Пообщались. А сегодня я попросила посмотреть его программы. Он показал. Объяснял. Я никак не могла одного места понять, он, наверное, здорово посмеялся про себя, но я сразу сказала, что у меня бывает такое, я тупею очень резко. Он несколько раз объяснял. Но ничего, благосклонно, здорово не ругался.

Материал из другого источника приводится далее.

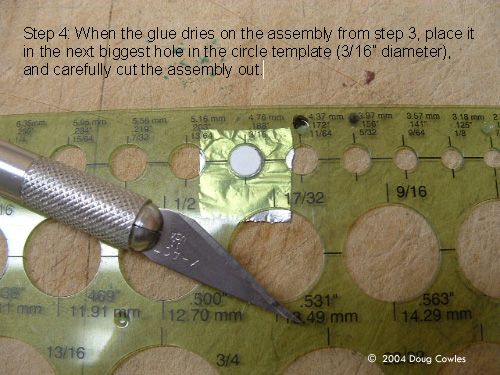 Step 4: When the glue dries from step 3, place it in the next biggest hole in circle template (3/16” diameter), and carefully cut the assembly out.
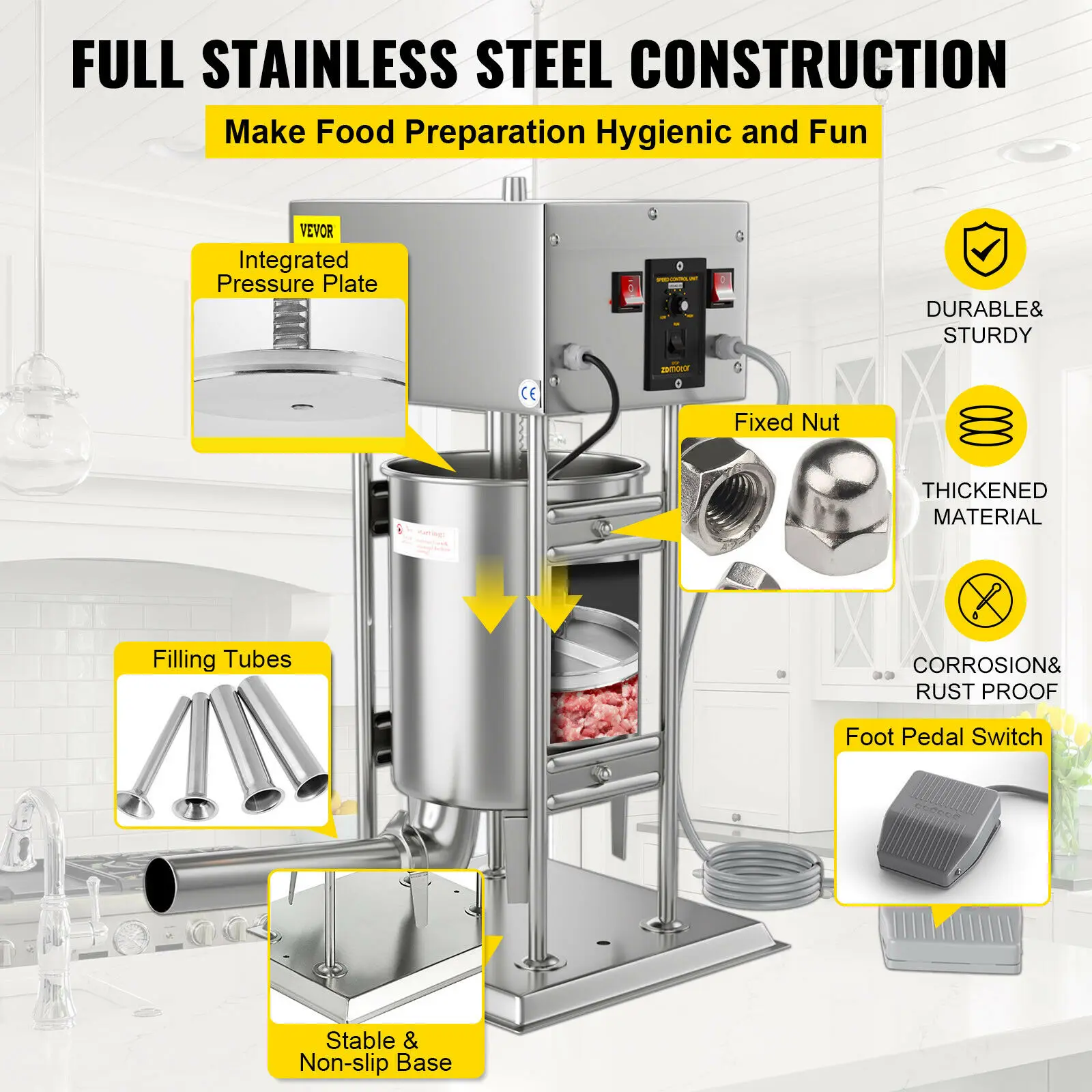 Большая емкость и простота очистки: эта вертикальная колбасная машина оснащена цилиндром из нержавеющей стали с емкостью 15 литров/24,3 фунтов, который может держать большое количество мяса и экономить ваше рабочее время. Съемный дизайн удобен для чистки.

Вечером за мной зашла Таня. Всё посмотрела. Её потрясли размеры нашей ЭВМ. Я ей составила синусоиды благоприятных и неблагоприятных для творчества и любви периодов. Она удивилась:
– Всё совпадает!
Таня разводится с Серёжей. У неё сейчас трудное время.
8 августа 1981
Наконец-то суббота! Вчера Манников довёл меня до слёз. Потом извинялся:
– Надя, извини ради бога.
Покраснел как свекла.
Сегодня звонил Женя, он, оказывается, всю неделю звонил, не мог дозвониться. Может, и Ф.Ф. звонил, не мог дозвониться? Позвоню сама. А что я ему скажу? Что у меня лимон высох? Который его к чаю дожидается.
4 сентября 1981
Много же времени прошло. Ф. Ф. давно вернулся из отпуска. Я не звоню. Тоже скоро в отпуск уйду. Теперь я человек независимый. На работе, кроме любимого электронщика, появился любимый начальник ЭВМ. Почему я его раньше не замечала? Сейчас мы друг другу светимся. Ах, как мне нравится, когда он рядом сидит. Большой. Улыбается. Нравится мне его на «вы» называть. Выговаривать: «Владимир Германович». А он сбивается с «ты» на «вы». Но теперь, наверное, уже чётко знает, что мы с ним на «вы». Девочки, операторы, с ним по-простому. Ещё у нас есть наладчики. Я покривлю душой, если скажу, что мне наш наладчик Паша не нравится. Нравится, только у него какой-то очень тяжёлый взгляд. Но в более тесном кругу, когда праздновали день рождения Тамары, он оказался гораздо приятнее.
Я чувствую себя сейчас вообще (без комплексов) привлекательной. Хотя никого не привлекаю. Говорю Паше:
– Наверное, мы вам очень надоели, и вы не хотите нас видеть (ЭВМ весь день барахлила).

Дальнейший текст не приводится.